Smoothed Gaussian Mixture Models for Video Classification and
Recommendation
- URL: http://arxiv.org/abs/2012.11673v1
- Date: Thu, 17 Dec 2020 06:52:41 GMT
- Title: Smoothed Gaussian Mixture Models for Video Classification and
Recommendation
- Authors: Sirjan Kafle, Aman Gupta, Xue Xia, Ananth Sankar, Xi Chen, Di Wen,
Liang Zhang
- Abstract summary: We propose a new cluster-and-aggregate method which we call smoothed Gaussian mixture model (SGMM)
We show, through extensive experiments on the YouTube-8M classification task, that SGMM/DSGMM is consistently better than VLAD/NetVLAD by a small but statistically significant margin.
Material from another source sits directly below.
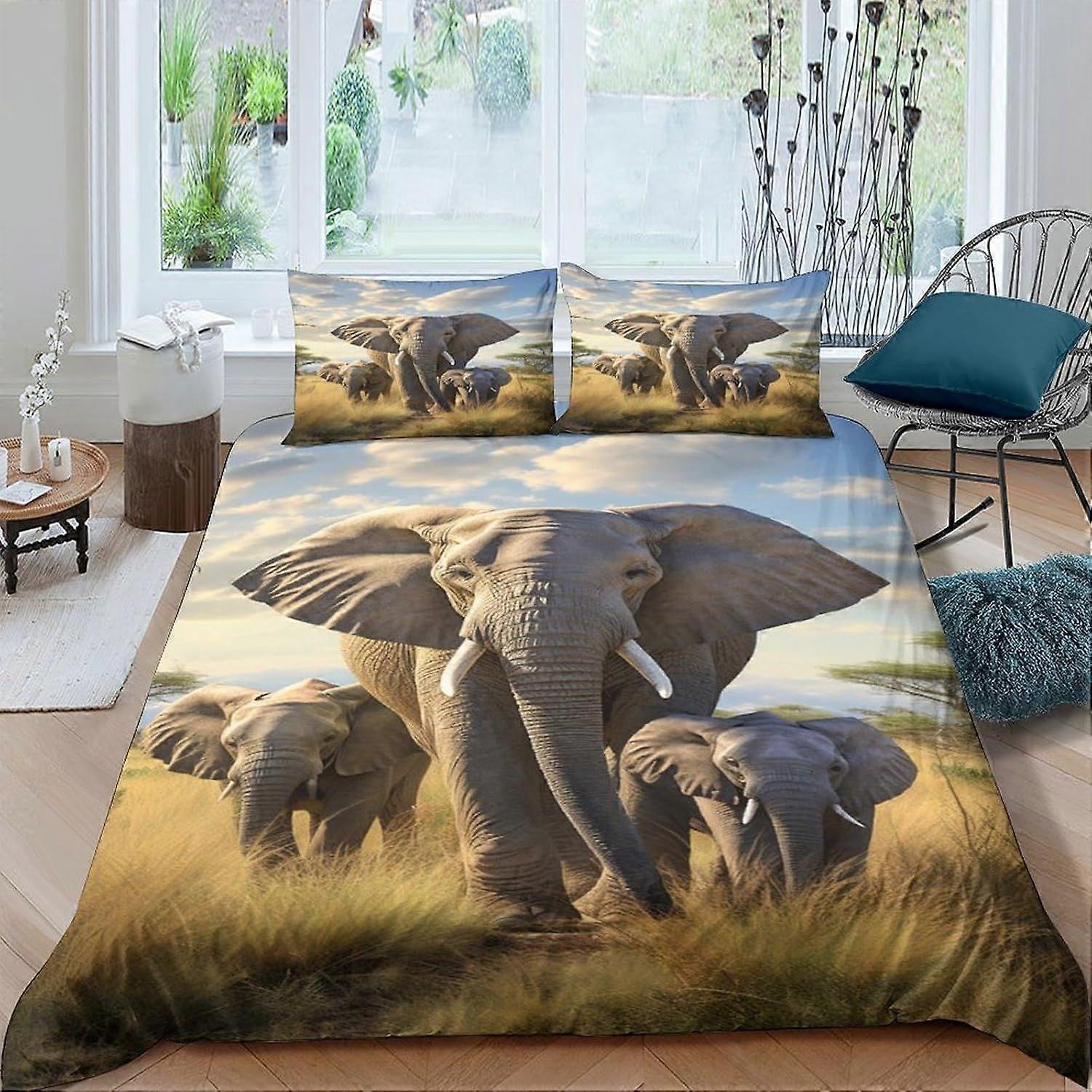 w432 Animal Elephant Bedding Set 3D Duvet Cover for Kids Boys Girls Comforter Cover Soft Bedspread 3 Piece Set with Zipper Closure Soft Microfiber Dou
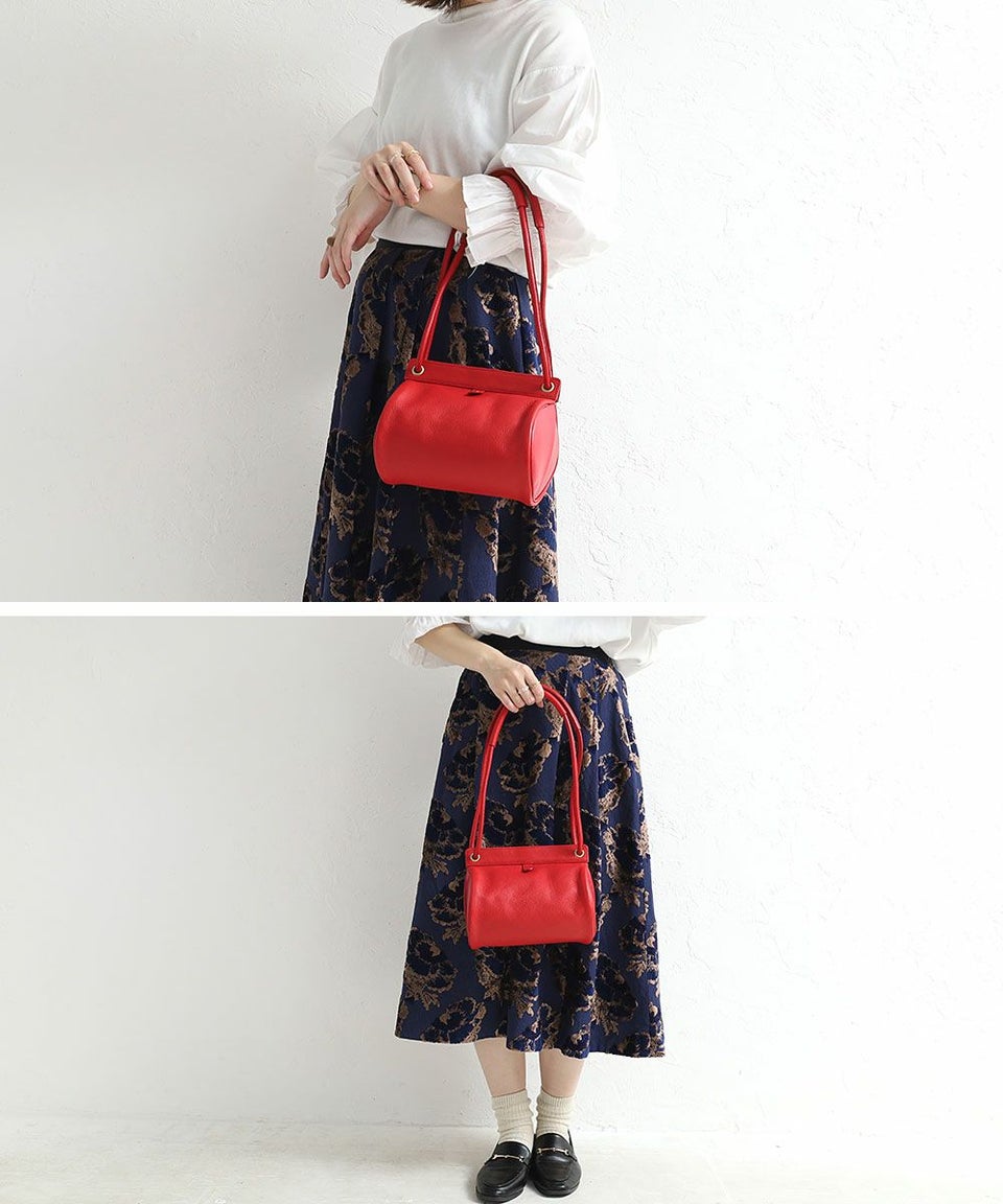 ハンドルは2way仕様で、2本手では肩掛けで、1本手では斜め掛けで持つことができます。

- Score: 10.119117405418868
- License: http://arxiv.org/licenses/nonexclusive-distrib/1.0/
- Abstract: Cluster-and-aggregate techniques such as Vector of Locally Aggregated
Descriptors (VLAD), and their end-to-end discriminatively trained equivalents
like NetVLAD have recently been popular for video classification and action
recognition tasks. These techniques operate by assigning video frames to
clusters and then representing the video by aggregating residuals of frames
with respect to the mean of each cluster. Since some clusters may see very
little video-specific data, these features can be noisy. In this paper, we
propose a new cluster-and-aggregate method which we call smoothed Gaussian
mixture model (SGMM), and its end-to-end discriminatively trained equivalent,
which we call deep smoothed Gaussian mixture model (DSGMM). SGMM represents
each video by the parameters of a Gaussian mixture model (GMM) trained for that
video. Low-count clusters are addressed by smoothing the video-specific
estimates with a universal background model (UBM) trained on a large number of
videos. The primary benefit of SGMM over VLAD is smoothing which makes it less
sensitive to small number of training samples. We show, through extensive
experiments on the YouTube-8M classification task, that SGMM/DSGMM is
consistently better than VLAD/NetVLAD by a small but statistically significant
margin. We also show results using a dataset created at LinkedIn to predict if
a member will watch an uploaded video.